ECONOMY

SEV eyes investment measures

SEV eyes investment measures

The Greek economy will require a 100-billion-euro increase in total investment up until 2022 to offset the losses it has suffered from the major divestment recorded in recent years, the head of the Hellenic Federation of Enterprises (SEV), Theodore Fessas, wrote in a letter to Deputy Prime Minister Yiannis Dragasakis, State Minister for Investment Nikos Pappas and the Finance Ministry.

The same letter includes a series of proposals aimed at improving the investment environment and boosting state revenues through fiscally neutral measures that will not harm enterprises or demand.

Calling for a drastic improvement on all fronts that affect business sentiment, Fessas noted that in the next few months SEV will increase its interventions aimed at creating a stable and attractive framework for attracting investment.

On the taxation level, SEV proposes changes to tax monitoring, particularly regarding any pending issues from previous years, as well as a review of certain special consumption taxes related to the production process itself. SEV specifically recommends the immediate application of the tax compliance certificate for companies that qualify, and the set-up of regional committees for the resolution of pending cases. These two measures alone are expected to benefit public coffers to the tune of 650-850 million euros per annum, while also reducing the burden on tax authorities and courts.

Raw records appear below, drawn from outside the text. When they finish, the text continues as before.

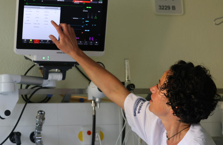In unserer Phase-B-Station stehen insgesamt 20 Betten zur Verfügung. Davon befinden sich 6 Betten im intensivmedizinischen Überwachungsbereich mit entsprechendem Monitoring, Sauerstoffversorgung und Kreislaufüberwachungsgerät für Patienten der Phase B mit:
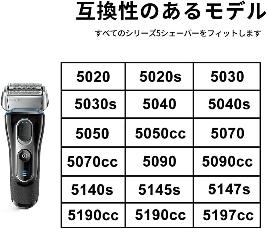 対応機種:ブラウン シリーズ5対応、5020/5020S/5030/5030S/,5040/5040S/5050/5050CC/5070/5070CC/5090/5090CC/5140S/5145S/5147S/5190CC/5748/5749/5147S/5140 /5145シェーバーと互換性があるブラウンシェーバー替刃です。その他、F/C52B、F/C52Sに対応するすべてのシェーバーでご利用できます。
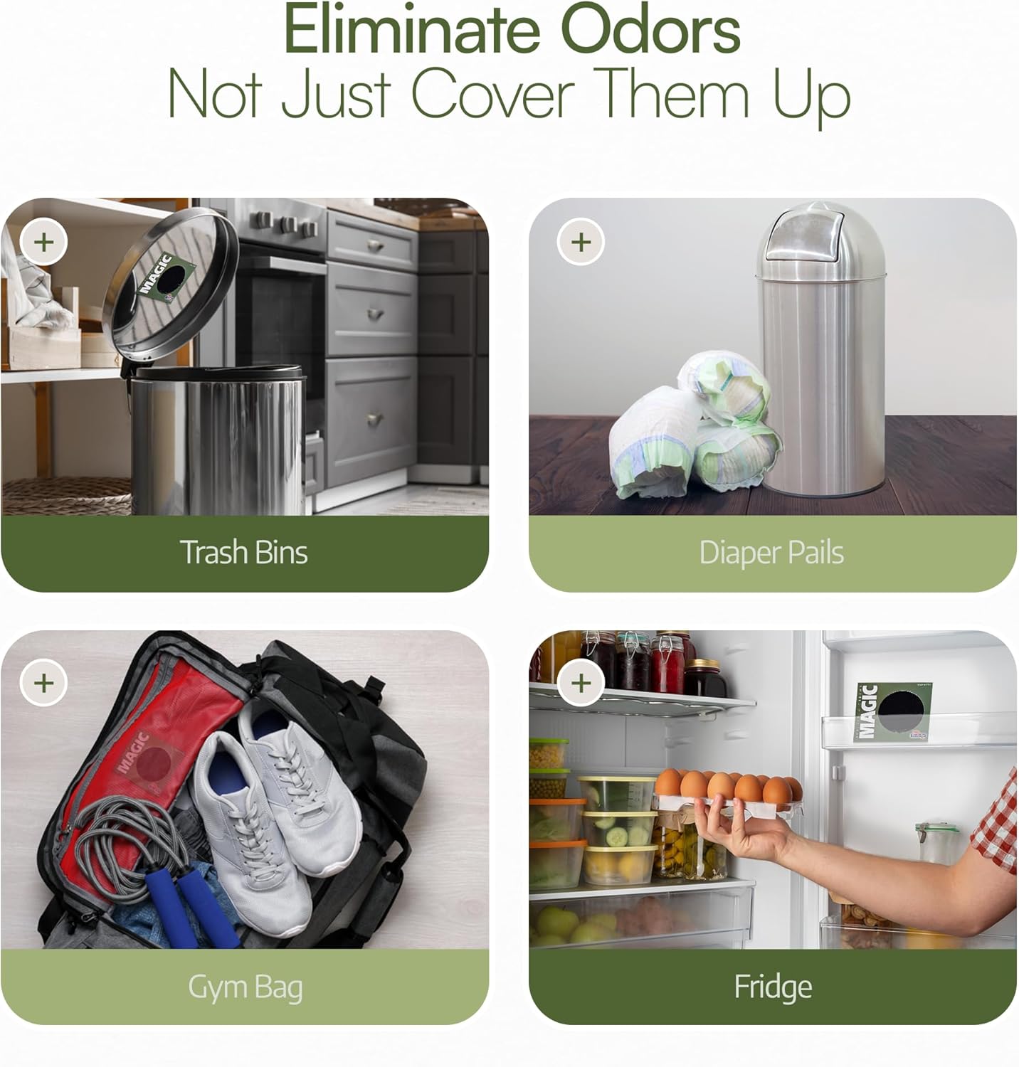 Odor Magic - Activated Charcoal Fridge Deodorizer - Better than Baking Soda - Peel & Stick Kitchen Deodorizer & Air Freshener for Trash Cans, Fridge, Compost, Drawers - Made in USA (1 Pack)
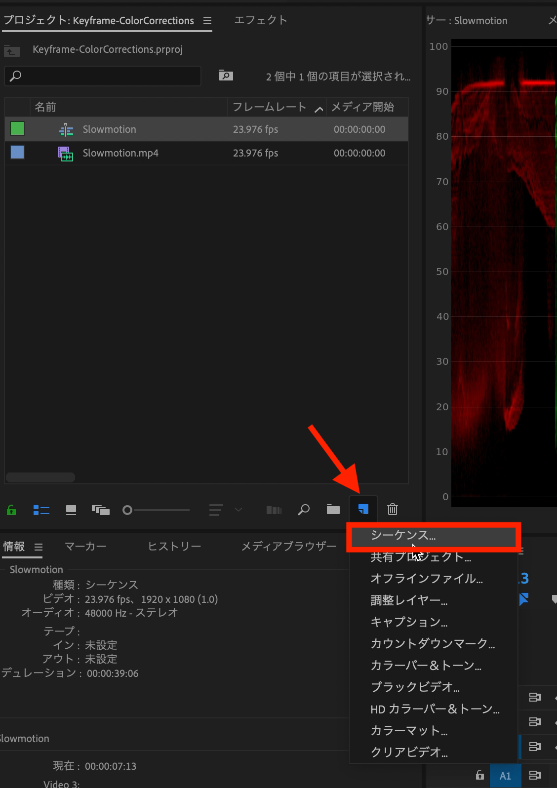 クリップをシーケンスのあるエリアにドラッグ・アンド・ドロップまたは新規シーケンスからシーケンスを作成します。
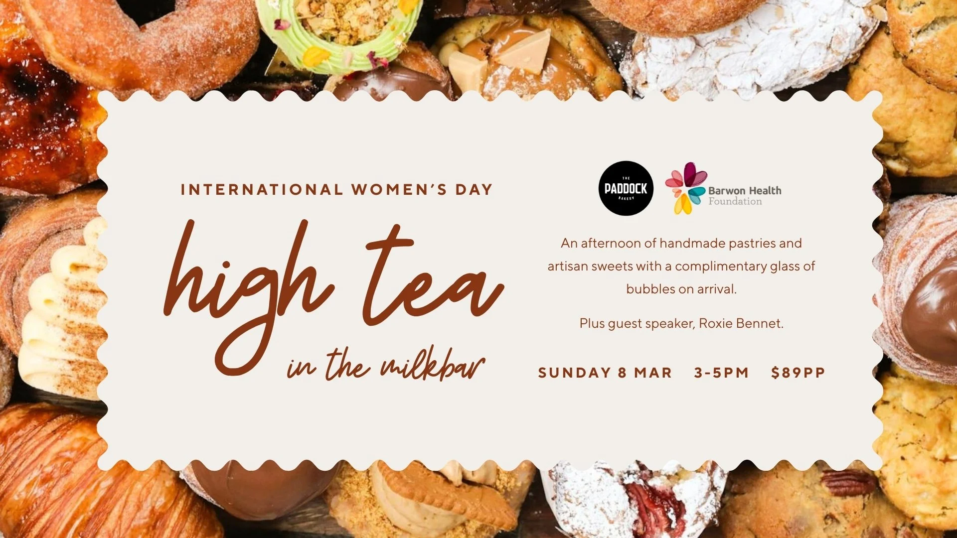 An afternoon of handmade pastires, artisan sweets, local teas, barista made coffee and a complimentary glass of bubbles on arrival.

The industrialists further consider it necessary to adjust special consumption taxes on energy products of industrial use and to remove the special consumption tax on natural gas for electricity production.

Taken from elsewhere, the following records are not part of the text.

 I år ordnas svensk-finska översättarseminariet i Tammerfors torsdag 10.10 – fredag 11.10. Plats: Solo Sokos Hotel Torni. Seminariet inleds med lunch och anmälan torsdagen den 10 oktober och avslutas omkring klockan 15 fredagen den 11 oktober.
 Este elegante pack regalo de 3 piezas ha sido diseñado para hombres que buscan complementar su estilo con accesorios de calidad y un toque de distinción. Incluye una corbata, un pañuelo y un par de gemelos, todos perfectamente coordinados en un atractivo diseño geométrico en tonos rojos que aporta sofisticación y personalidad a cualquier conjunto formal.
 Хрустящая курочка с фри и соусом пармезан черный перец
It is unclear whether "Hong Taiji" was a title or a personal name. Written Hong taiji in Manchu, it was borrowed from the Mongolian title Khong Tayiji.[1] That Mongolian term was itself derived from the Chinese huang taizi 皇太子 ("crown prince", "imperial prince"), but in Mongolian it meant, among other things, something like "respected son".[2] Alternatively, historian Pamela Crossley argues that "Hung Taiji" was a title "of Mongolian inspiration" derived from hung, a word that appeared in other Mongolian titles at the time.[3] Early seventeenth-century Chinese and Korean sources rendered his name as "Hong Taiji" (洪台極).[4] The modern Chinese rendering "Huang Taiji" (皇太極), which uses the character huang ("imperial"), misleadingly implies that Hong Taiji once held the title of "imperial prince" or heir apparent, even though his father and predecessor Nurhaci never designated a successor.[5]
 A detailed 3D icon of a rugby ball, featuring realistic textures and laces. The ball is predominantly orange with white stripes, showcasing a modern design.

Besides the lifting of tax-related counterincentives, SEV proposes the introduction of tax incentives: At the heart of its proposals for turning Greece into a significant investment destination are two ideas concerning the tax-related rewarding of productive expenditure that generates profits, and the encouragement of exemplary investments in sectors such as technology, infrastructures, manufacturing etc, with the introduction of a competitive rate tax that will remain unchanged for 10 years.